PROBLEM STATEMENT – Although the data below contains pictures, output only the lines between those holding "Затем, прежде чем" and "证券之星消息,截至2024年", inclusive, exactly and without those pictures.

EXERCISE INPUT –
╭──
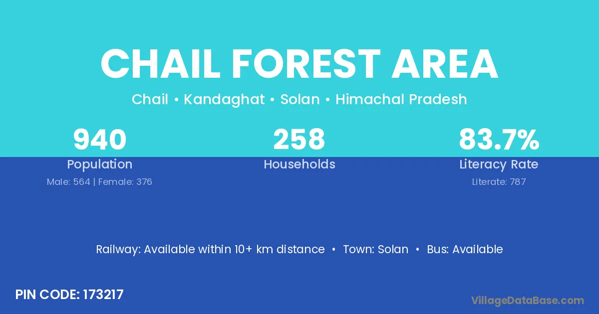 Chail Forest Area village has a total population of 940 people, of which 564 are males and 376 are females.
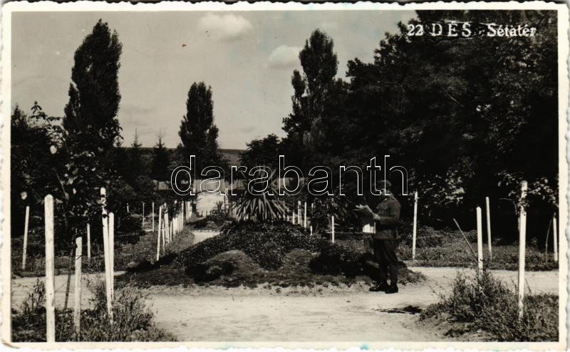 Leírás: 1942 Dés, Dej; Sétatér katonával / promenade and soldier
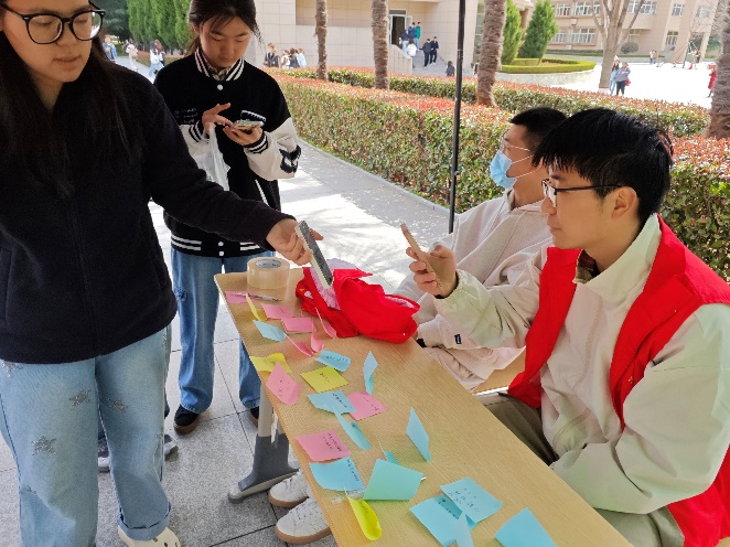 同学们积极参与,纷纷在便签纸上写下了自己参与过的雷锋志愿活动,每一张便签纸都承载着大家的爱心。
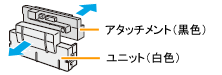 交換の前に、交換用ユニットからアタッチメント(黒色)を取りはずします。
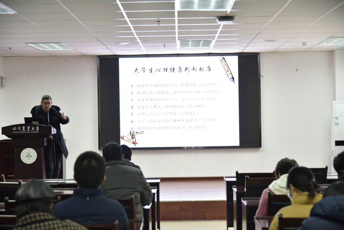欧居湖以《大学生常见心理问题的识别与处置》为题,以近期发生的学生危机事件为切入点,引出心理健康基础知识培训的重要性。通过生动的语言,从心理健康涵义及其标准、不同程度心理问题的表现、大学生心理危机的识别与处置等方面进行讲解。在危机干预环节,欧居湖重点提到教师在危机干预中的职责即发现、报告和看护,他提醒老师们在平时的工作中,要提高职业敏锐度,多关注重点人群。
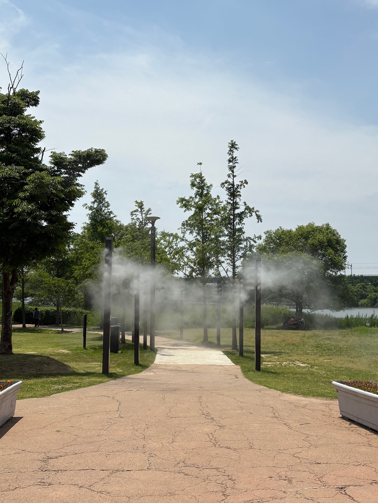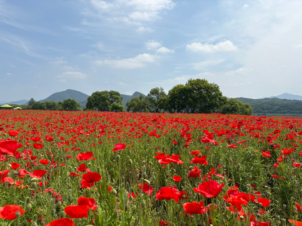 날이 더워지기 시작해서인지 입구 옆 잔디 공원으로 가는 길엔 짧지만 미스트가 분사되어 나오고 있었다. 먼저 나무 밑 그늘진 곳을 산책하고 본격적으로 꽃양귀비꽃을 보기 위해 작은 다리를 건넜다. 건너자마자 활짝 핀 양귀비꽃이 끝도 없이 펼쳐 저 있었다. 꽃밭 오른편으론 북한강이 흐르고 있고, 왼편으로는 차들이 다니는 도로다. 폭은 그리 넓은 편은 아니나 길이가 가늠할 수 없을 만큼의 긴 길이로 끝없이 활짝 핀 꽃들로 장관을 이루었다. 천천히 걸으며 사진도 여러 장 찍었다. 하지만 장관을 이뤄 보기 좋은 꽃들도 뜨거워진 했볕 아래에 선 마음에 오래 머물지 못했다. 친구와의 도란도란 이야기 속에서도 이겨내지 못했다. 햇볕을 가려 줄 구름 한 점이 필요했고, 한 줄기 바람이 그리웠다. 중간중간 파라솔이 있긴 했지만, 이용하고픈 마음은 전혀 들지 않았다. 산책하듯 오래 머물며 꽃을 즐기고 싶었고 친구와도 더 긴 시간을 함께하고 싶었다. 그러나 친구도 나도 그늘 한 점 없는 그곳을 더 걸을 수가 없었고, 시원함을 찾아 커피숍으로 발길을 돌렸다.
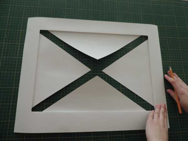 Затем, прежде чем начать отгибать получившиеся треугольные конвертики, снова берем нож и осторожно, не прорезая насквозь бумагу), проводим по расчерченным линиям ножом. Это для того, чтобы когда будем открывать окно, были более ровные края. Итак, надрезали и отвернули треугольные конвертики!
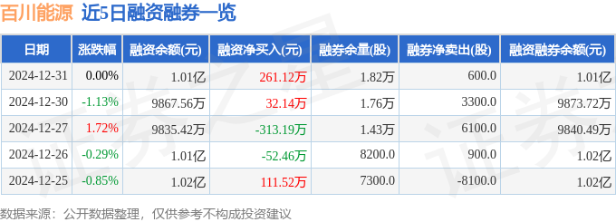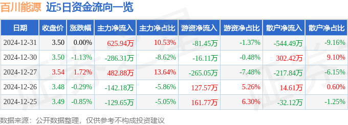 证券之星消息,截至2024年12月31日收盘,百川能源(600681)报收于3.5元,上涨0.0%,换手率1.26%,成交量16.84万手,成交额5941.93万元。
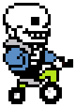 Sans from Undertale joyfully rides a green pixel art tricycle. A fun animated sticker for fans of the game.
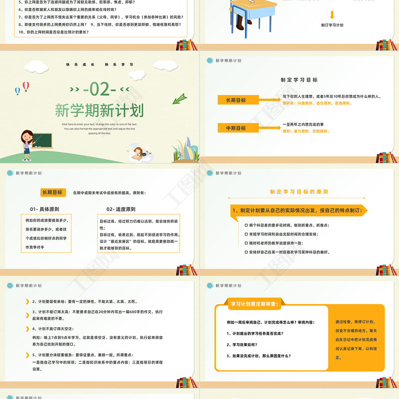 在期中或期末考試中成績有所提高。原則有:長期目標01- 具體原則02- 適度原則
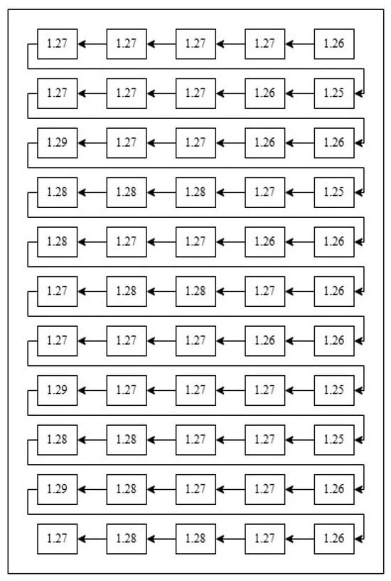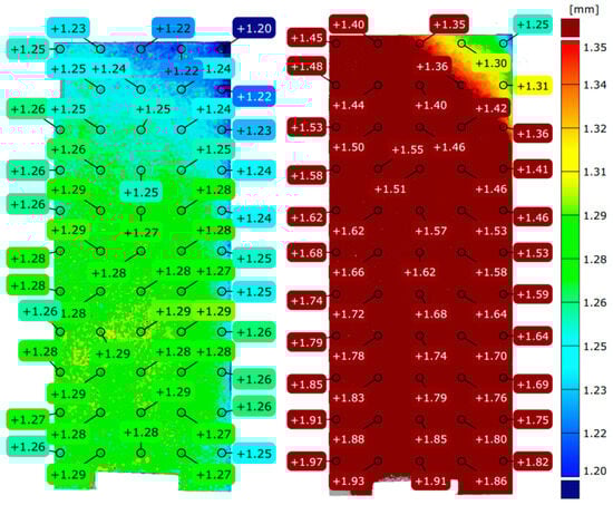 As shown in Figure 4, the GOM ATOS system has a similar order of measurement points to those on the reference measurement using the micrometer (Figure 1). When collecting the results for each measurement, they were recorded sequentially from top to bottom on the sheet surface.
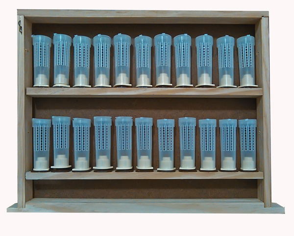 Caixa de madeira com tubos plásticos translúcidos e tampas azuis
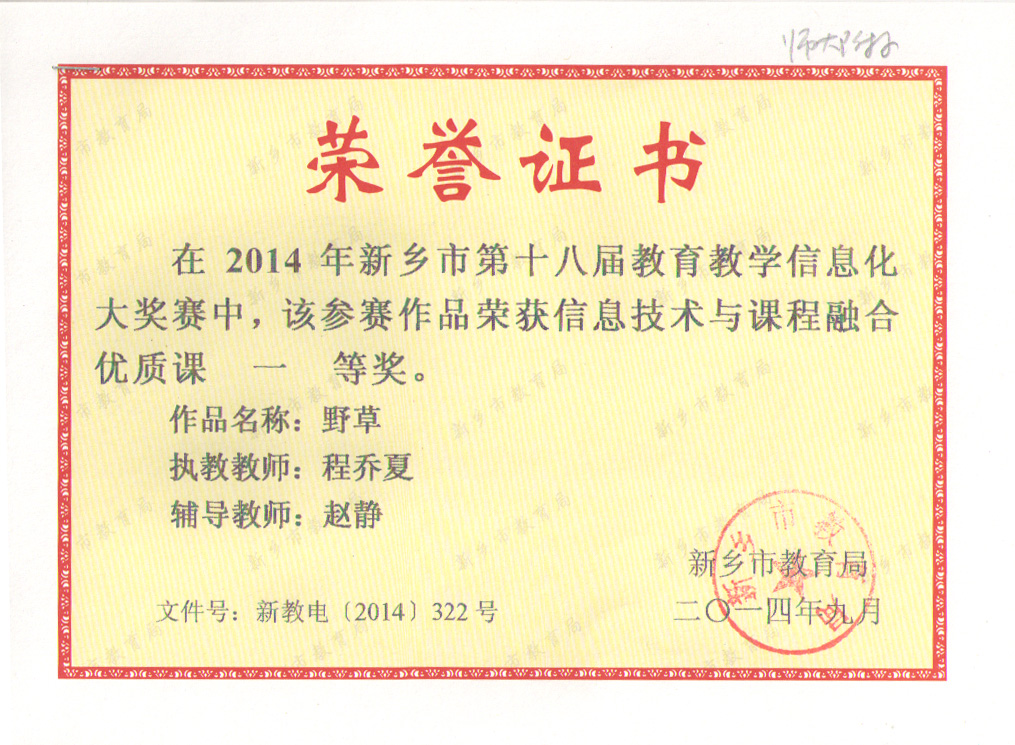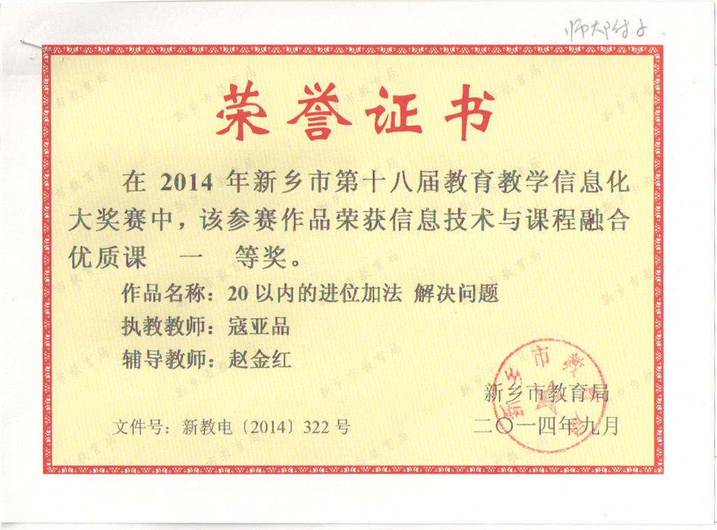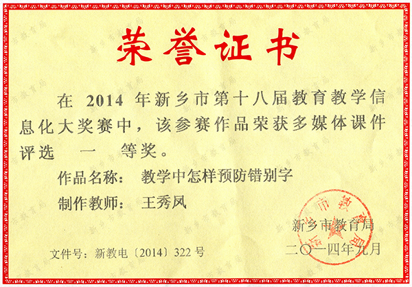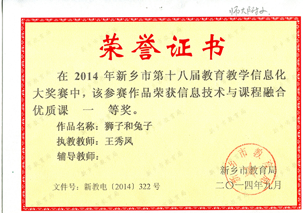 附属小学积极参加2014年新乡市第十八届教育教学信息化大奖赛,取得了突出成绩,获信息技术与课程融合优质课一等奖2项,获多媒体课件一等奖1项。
╰──
╭──
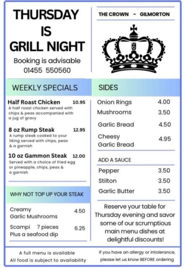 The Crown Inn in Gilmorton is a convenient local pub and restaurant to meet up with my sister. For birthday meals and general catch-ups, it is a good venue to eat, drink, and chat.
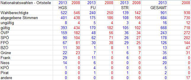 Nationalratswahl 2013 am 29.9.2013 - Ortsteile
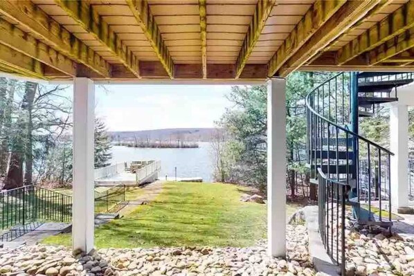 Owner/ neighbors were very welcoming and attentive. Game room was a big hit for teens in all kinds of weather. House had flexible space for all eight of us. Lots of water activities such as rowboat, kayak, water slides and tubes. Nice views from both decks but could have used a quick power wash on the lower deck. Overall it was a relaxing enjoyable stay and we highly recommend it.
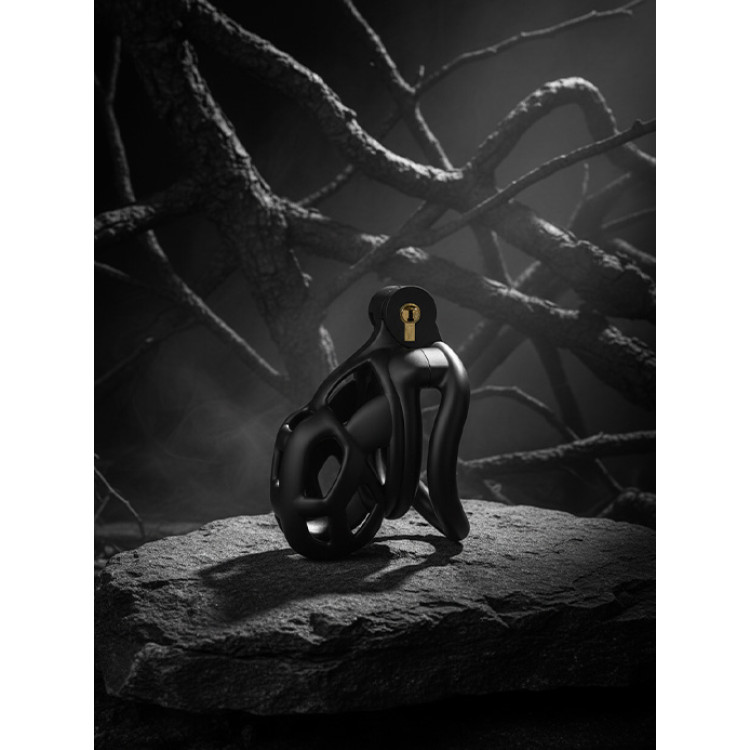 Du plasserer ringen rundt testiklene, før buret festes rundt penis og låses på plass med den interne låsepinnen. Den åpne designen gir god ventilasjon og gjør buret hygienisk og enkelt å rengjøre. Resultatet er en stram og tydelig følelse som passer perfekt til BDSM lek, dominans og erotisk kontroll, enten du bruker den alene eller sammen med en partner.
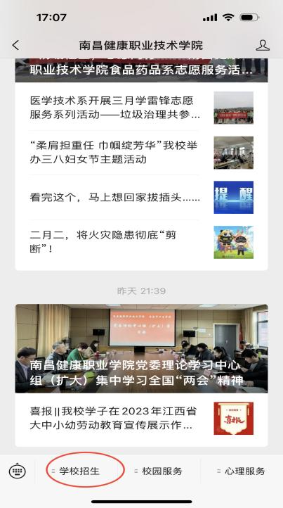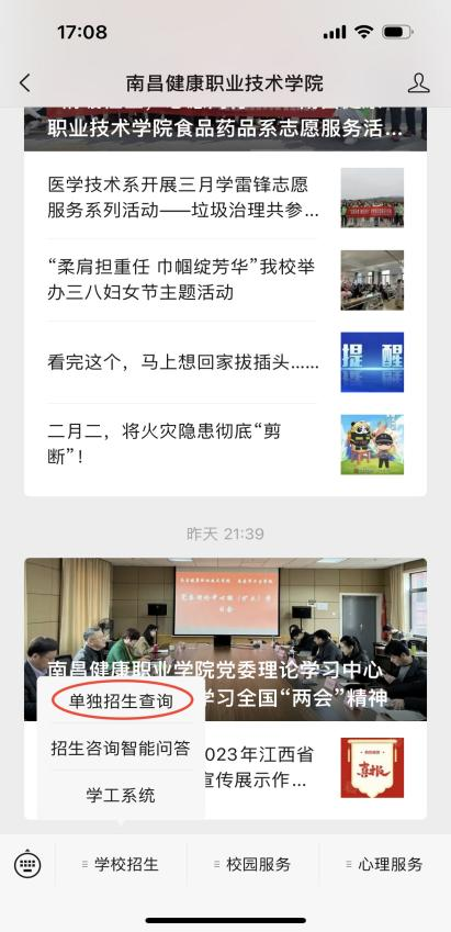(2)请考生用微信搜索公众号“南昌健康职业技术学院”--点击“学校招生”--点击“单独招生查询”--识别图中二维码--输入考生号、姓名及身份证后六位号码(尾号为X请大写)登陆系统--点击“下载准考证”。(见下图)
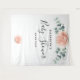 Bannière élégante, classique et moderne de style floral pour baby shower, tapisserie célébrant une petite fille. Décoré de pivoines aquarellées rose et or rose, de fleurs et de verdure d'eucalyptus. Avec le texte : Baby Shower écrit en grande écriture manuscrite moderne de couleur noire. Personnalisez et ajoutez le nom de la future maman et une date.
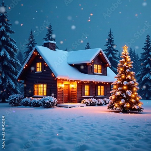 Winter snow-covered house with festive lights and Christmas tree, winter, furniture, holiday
╰──
ANSWER TO THIS PROBLEM –
 Затем, прежде чем начать отгибать получившиеся треугольные конвертики, снова берем нож и осторожно, не прорезая насквозь бумагу), проводим по расчерченным линиям ножом. Это для того, чтобы когда будем открывать окно, были более ровные края. Итак, надрезали и отвернули треугольные конвертики!
 证券之星消息,截至2024年12月31日收盘,百川能源(600681)报收于3.5元,上涨0.0%,换手率1.26%,成交量16.84万手,成交额5941.93万元。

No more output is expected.